My hand slaps generally occur with OTT shooters when the shot has been released and the bands are returning toward me and hit my fingers on the front side of the slingshot. Yours are getting hit on the back side of the slingshot as the bands and ammo are being propelled forward suggesting to me more than just simple pouch tweaking. I'm thinking your troubles might be stemming from the way you are holding the frame at the time of release. Just my two cents, hope it helps.


----------



## codz285

Hi,

So i re-watched Charles videos, and managed to eventually get out today with the slingshot and I had very very few hand hits. I think I will get lighter tubes though for the dankung though.

Thanks to everyone who helped me, I am chocking the dankung more than I was and am using bigger ammo which I'm not sure if its changing the way I was holding the pouch.

Regards

Rhodri


----------



## wll

codz285 said:


> Hi,
> 
> So i re-watched Charles videos, and managed to eventually get out today with the slingshot and I had very very few hand hits. I think I will get lighter tubes though for the dankung though.
> 
> Thanks to everyone who helped me, I am chocking the dankung more than I was and am using bigger ammo which I'm not sure if its changing the way I was holding the pouch.
> 
> Regards
> 
> Rhodri


Could you show a pic of exactly how you are holding that sling, One hand hit is one to many for me. I honestly don't remember getting any hand hits, had very few fork hits in my life and NON, not even close to one when I turn and tweak the pouch !
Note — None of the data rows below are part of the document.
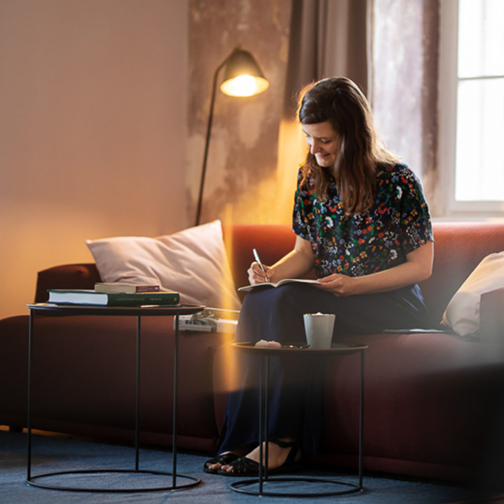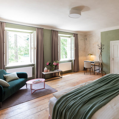 Für das Interieur der Zimmer zeichnet sich Polka verantwortlich. Als Garant für markantes Design in edler Zurückhaltung. Dabei gleicht kein Raum dem anderen. Denn die historischen Möbel darin sind Unikate. Kombiniert werden sie mit edlen Stoffen und einem gewissen Augenzwinkern auf die Natur.
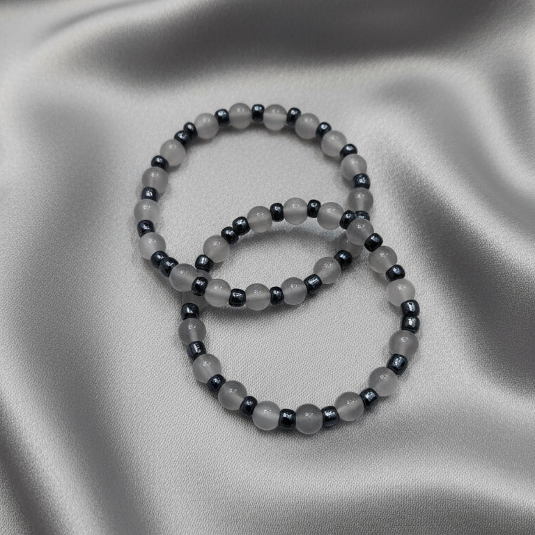 The Shadow & Mist bracelet combines soft milky gray glass beads with shimmering onyx metallic seed beads on a flexible elastic band. Designed for comfort and ease, it gently complements any outfit while adding a subtle touch of elegance. Perfect for everyday wear, this bracelet brings a calming, understated style to your collection.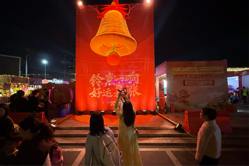 本届花市充分融入潮流与科技元素,今年在场景设计与活动策划上更是别出心裁。现场精心布置了“大桔门”“大铃铛”“马上有桔”“马上有花”“马上有福”等系列创意打卡点,并巧妙结合“拍马屁”“上上签”等谐音梗互动装置,满足年轻人拍照分享与情感表达需求。特设投影大道,以光影织就年桔、年花图案,让游客沉浸式体验“步步生吉”“步步生花”的新春美好意境。此外,花市期间,花卉世界展馆将同步举办佛山·第三届Comic World国风动漫展以及佛山首届AI智能机器人科技大会,实现传统年俗与潮流科技的有机碰撞。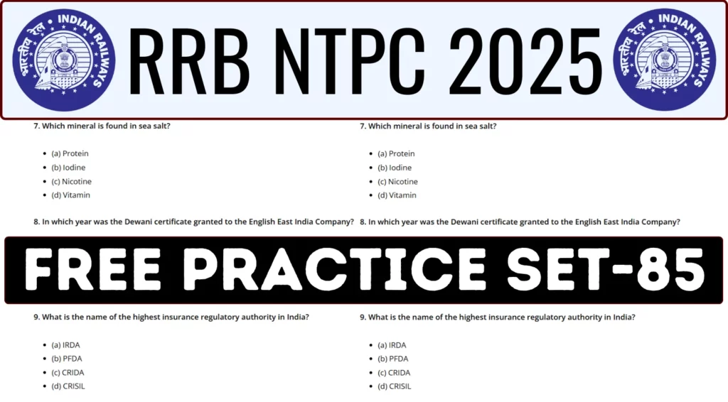 Railway RRB NTPC 2025 Free Mock Test Set-85: Prepare for the Railway RRB NTPC 2025 exam with our Free Mock Test Set-85, designed...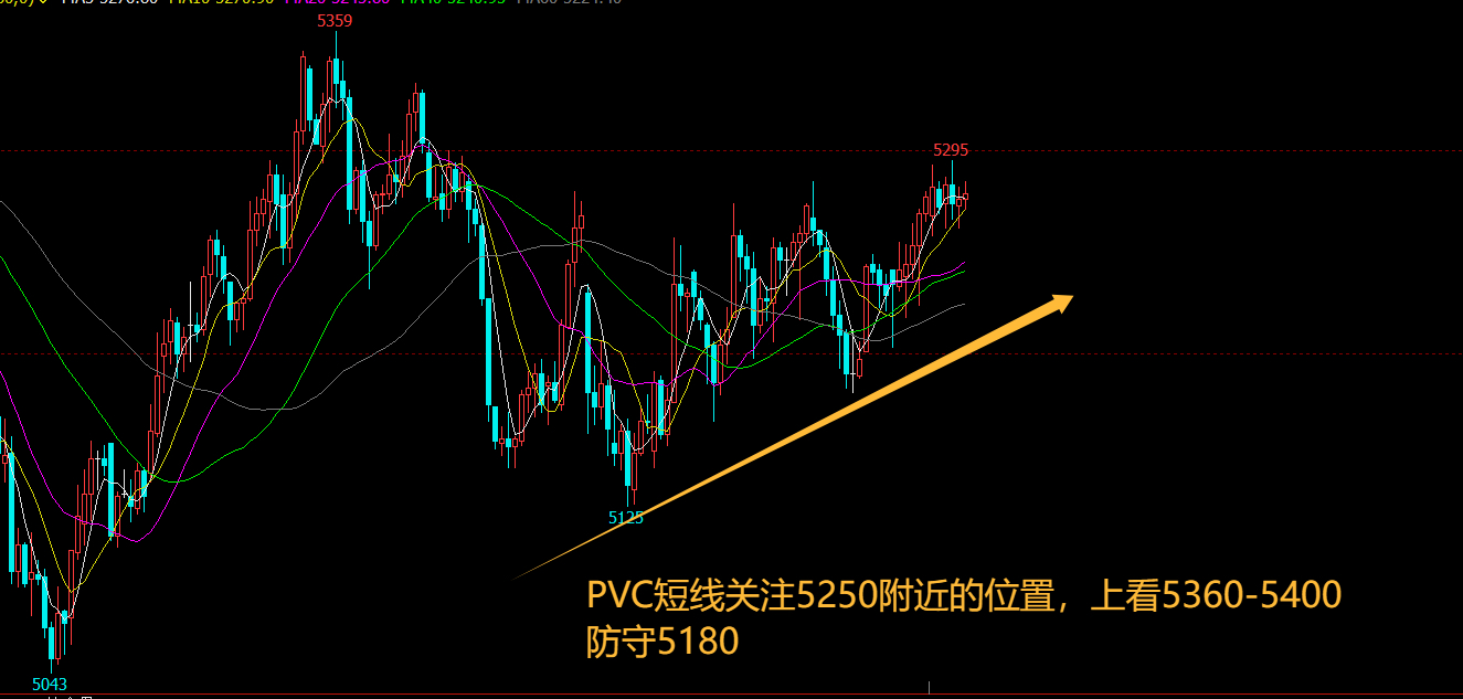 $PVC2505(DCE|v2505)$ PVC05合约:PVC近期反弹逐步突破,站稳了5280这个位置,有一定的企稳迹象,并且重心也在逐步抬高,有继续冲高的意思,建议短线可以低多参与一波,短线关注5250附近的位置,上看5360-5400,防守5180(投资建议 仅供参考 具体以实盘操作为主)
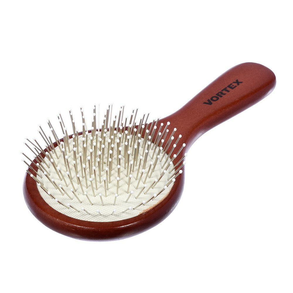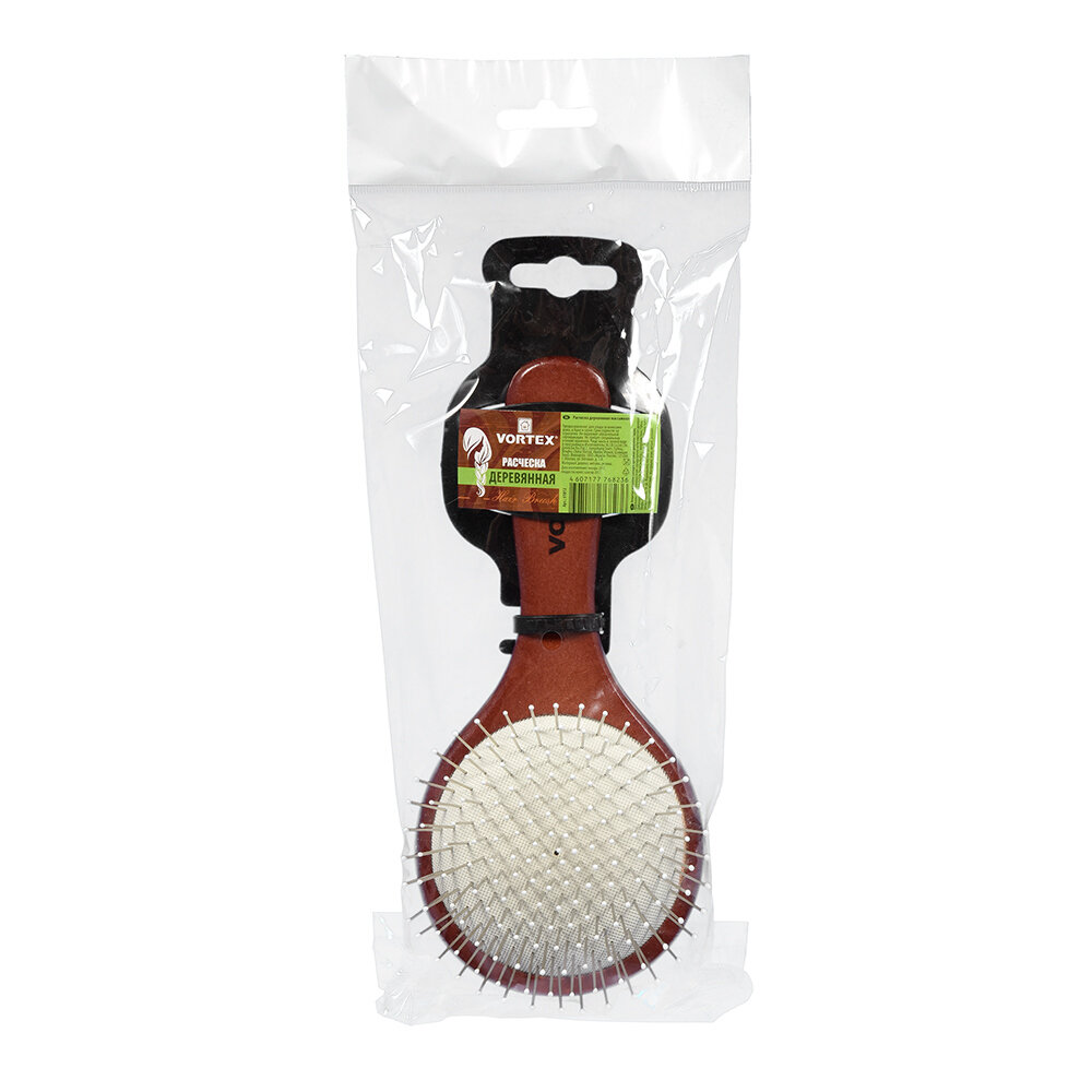 Расческа деревянная, массажная /для волос/с ручкой/для укладки 19,5х9,5х3,5 см, "круг", с металлическими зубчиками "VORTEX"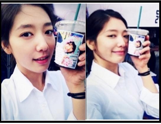 사진에서 박신혜는 팬들이 준 음료수를 들고 인증샷을 찍고 있다.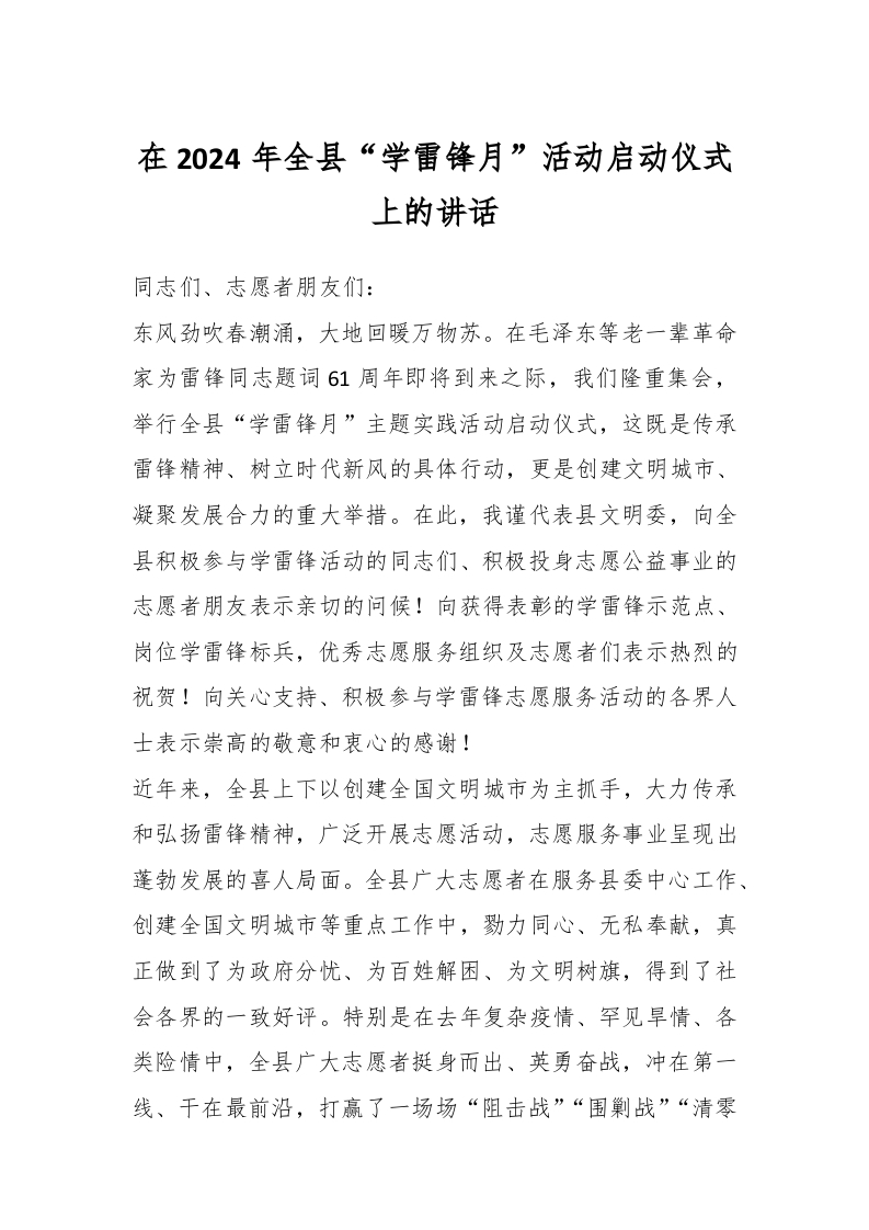 / 在2024年全县“学雷锋月”活动启动仪式上的讲话稿

Again, please send an in focus, medium close up pic of you holding your sling shot.

wll


----------



## Something0riginal

dang man, i think you needa switch to hammer grip for a bit, get your bearings, literally. I only hit myself in the hand when indulging suicidal tendencies shooting terrible rocks and sometimes bolts, even woodscrews. I move my hand out of the way without negative impact on accuracy, but sometimes it will just curve towards your hand if it falls out the wrong side of the pouch. thats when tweaking the pouch to ensure failures avoid your hand and veer off the other way.


----------



## lunasling

I shoot a palm thunder as well ,only experienced a couple of hand slaps my 1st time round twisting the pouch and placement of shot in the pouch is a factor as well . What i dont care for is the way the tubes roll on the fork eyes ya have to take time to make sure all is lined up properly sorta takes the fun out of shooting it but i have alternatives for said issues lol .


----------